I never recommend a "basic" system unless it can grow. When you go DCC, the cost of the control system is the smallest part of your investment, but it seems to be the one part that people try to cut costs on.

The top systems in the US are NCE and Digitrax, get at least 5 amps, but I really would not waste my time and go right to 10 amps. You can build a 10 amp system cheaply, and the power supply will cost you $70. I use NCE because I like the throttles and menus better and their wireless cabs work well.

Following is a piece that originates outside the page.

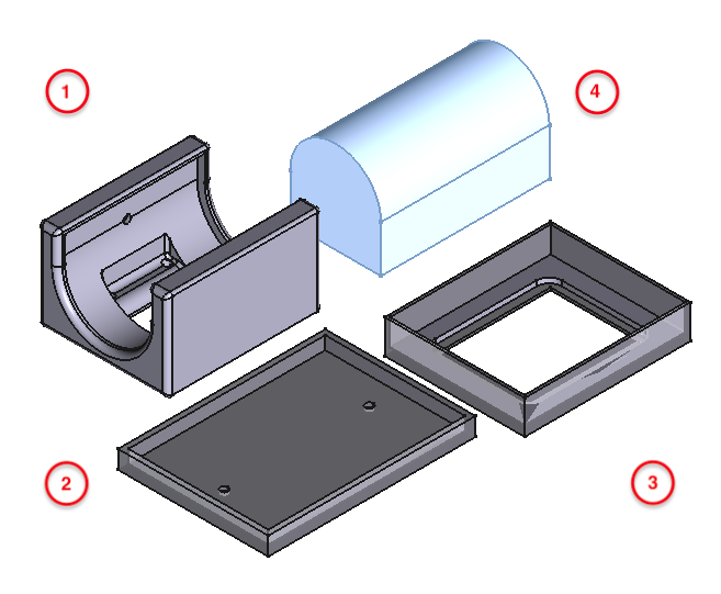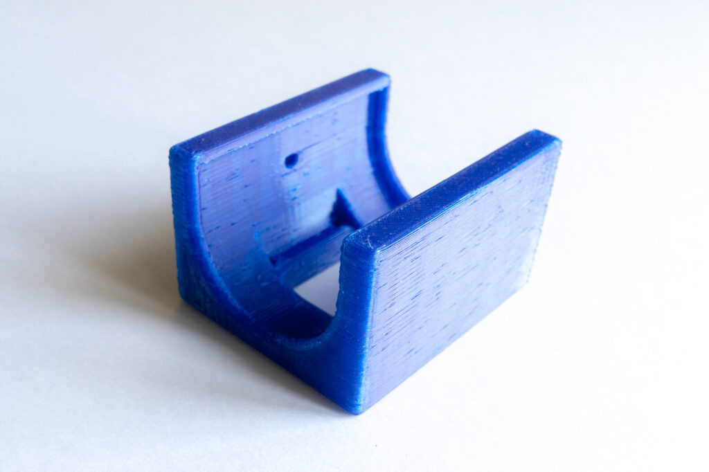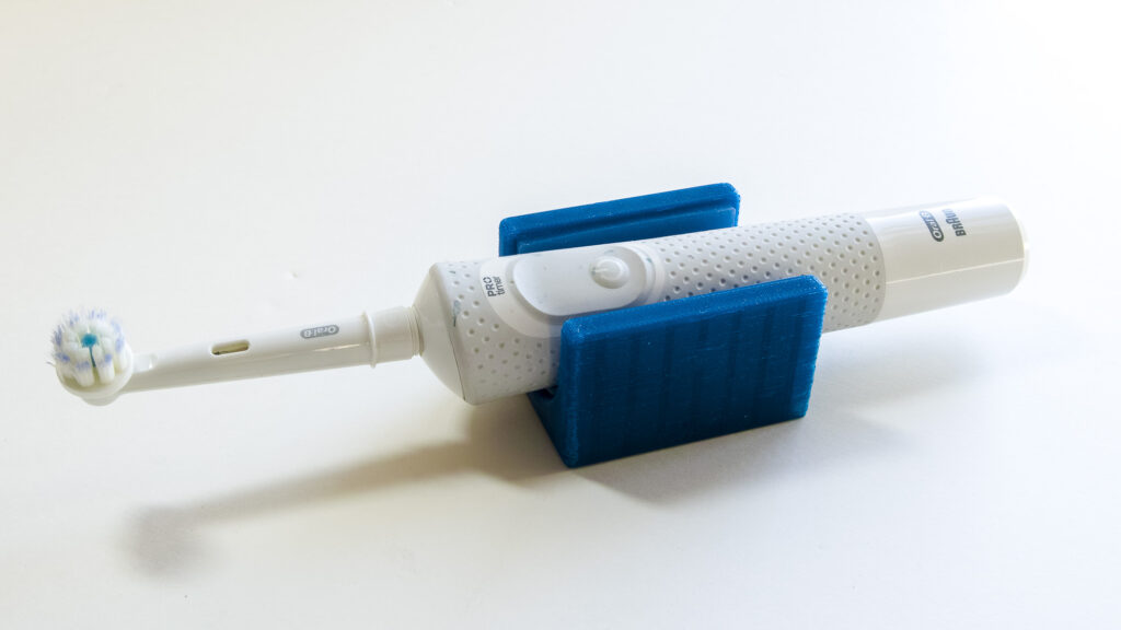 Un support a été réalisé en associant une partie rigide imprimée avec une imprimante 3D et des parties en silicone sous le support pour lui donner de l’adhérence et à l’intérieur pour maintenir la brosse à dents.

There are some nice systems from Europe, but almost double the price and not as easy to use in my opinion. (Also a black and white LCD is much easier to see in the sunlight)

Regards, Greg


----------



## BigRedOne (Dec 13, 2012)

Also consider what features you want (or might want): throwing switches, remote uncoupling, sounds.

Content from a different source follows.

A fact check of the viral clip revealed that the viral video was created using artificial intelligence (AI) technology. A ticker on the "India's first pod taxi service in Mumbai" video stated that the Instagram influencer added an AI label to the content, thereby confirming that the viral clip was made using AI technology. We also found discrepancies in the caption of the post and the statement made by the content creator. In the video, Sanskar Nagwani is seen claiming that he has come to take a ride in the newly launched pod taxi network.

And how compatible the system is with brands you have or might get.


----------



## Greg Elmassian (Jan 3, 2008)

Ummn... all DCC systems should be able to operate accessory decoders (switches, etc.), I would NEVER recommend a system that could not do all the standard DCC commands.

And compatibility? Other than supporting the really old LGB serial functions / 14 speed steps, this is not an issue.

I'm a little surprised at the comments, I believe you have a Digitrax, right?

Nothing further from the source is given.